第1Pは立ち上がり1分に先制点を奪うなど優勢に試合を進めたが、第2P以降劣勢に立たされた。
「絶対的な守護神」(腰越雅敬コーチ)というGK小野田拓人(3年・清水高出)を中心に堅守を誇ってきただけに小野田は「焦りはなかったが、悪い流れを止められなかった」と悔やむ。
3位決定戦は昨年の決勝と同じ顔合わせに。小野田は「4年生とプレーできる最後の試合。勝って終わりたい」と気持ちを切り替えた。
立ち上がり失点ペースつかめず 関西大
○…初優勝を狙っていた関西大だが、早大のスピードと堅守に阻まれ、2年連続の決勝進出を逃した。
昨年の準決勝でも早大と対戦し、このときは7-1で勝利したが、鈴木宣夫コーチは「相手も研究しており、厳しい試合になると予想していた」と話す。

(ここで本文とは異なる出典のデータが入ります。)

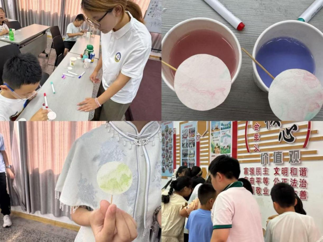 实践团增设漆扇手工制作环节,让文化体验从“听”与“学”延伸到“动手做”。成员们先讲解漆扇的历史渊源,介绍鲁地漆艺的独特风格与文化内涵;随后逐步引导孩子们发挥想象力与创造力,亲手制作属于自己的漆扇作品。小朋友们将卡通笑脸、环保理念融入漆扇当中,这不仅是中华优秀传统文化在青年少一代心中萌芽的直观展现,更成为鲁文化创造性转化、创新性发展的生动见证。

第1ピリオド(P)は立ち上がりに失点し、早大ペースに。第2P以降は清水高出のFW晒谷凌太(2年)、DF脇本真吾(3年)らが何度もゴールに迫り、シュート数でも上回ったが、逆転には結び付かなかった。
3位決定戦に向け、晒谷凌は「持ち味のパワーとスピードを生かしたプレーで、引退する4年生の引き立て役になりたい」と活躍を誓った。
◇準決勝
明大 5(1-1 1-0 3-1)2 中央大
▽得点者
【明】大椋、北島、上野滉、高橋、松金
【中】越後、星
▽アシスト
【明】高橋、大澤、上野滉、大津、松金、北島、大椋
【中】伊藤、中島、小野寺、鈴木
▽反則
【明】8
【中】5
▽シュート数
【明】35(7、11、17)
【中】37(12、12、13)
▽審判=川口、村瀬健、亀田、津野
早大 6(3-1 2-0 1-2)3 関大
▽得点者
【早】三浦、池田、堰合、羽刕、松浦、寺井
【関】館田、晒谷凌、浪岡
▽アシスト
【早】松浦2、石川、羽刕、勝田、山田、池田、青木、寺井、三浦
【関】浪岡2、津久家、館田、晒谷凌
▽反則
【早】4
【関】4
▽シュート数
【早】38(20、8、10)
【関】41(10、15、16)
▽審判=キモ、川村、小野崎、木村恵
<フィギュア>
ジャンプ全て成功 フィギュア・玉田
○…前日のショートプログラム(SP)は緊張からジャンプの失敗が続いた玉田佳之だったが、フリースケーティングでは全てのジャンプを成功させるなどほぼノーミスで演技を終え、晴れやかな笑顔を見せた。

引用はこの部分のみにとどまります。